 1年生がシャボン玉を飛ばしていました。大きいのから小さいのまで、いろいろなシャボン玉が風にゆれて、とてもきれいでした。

···

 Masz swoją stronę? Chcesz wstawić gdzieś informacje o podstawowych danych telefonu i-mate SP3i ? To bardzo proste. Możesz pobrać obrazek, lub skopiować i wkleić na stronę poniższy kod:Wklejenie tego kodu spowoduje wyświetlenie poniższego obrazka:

···

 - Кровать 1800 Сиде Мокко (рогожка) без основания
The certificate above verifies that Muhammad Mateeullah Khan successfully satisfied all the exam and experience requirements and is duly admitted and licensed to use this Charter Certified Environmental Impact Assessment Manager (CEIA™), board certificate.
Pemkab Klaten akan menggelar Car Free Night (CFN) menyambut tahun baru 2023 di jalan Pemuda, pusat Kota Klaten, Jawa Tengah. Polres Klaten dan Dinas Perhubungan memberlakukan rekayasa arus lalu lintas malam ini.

···

## TASK INSTRUCTIONS:
In the listing above, find the line holding "The certificate above" and the line holding "Pemkab Klaten akan", then output those two lines and every line between them exactly.

## YOUR SOLUTION:
The certificate above verifies that Muhammad Mateeullah Khan successfully satisfied all the exam and experience requirements and is duly admitted and licensed to use this Charter Certified Environmental Impact Assessment Manager (CEIA™), board certificate.
Pemkab Klaten akan menggelar Car Free Night (CFN) menyambut tahun baru 2023 di jalan Pemuda, pusat Kota Klaten, Jawa Tengah. Polres Klaten dan Dinas Perhubungan memberlakukan rekayasa arus lalu lintas malam ini.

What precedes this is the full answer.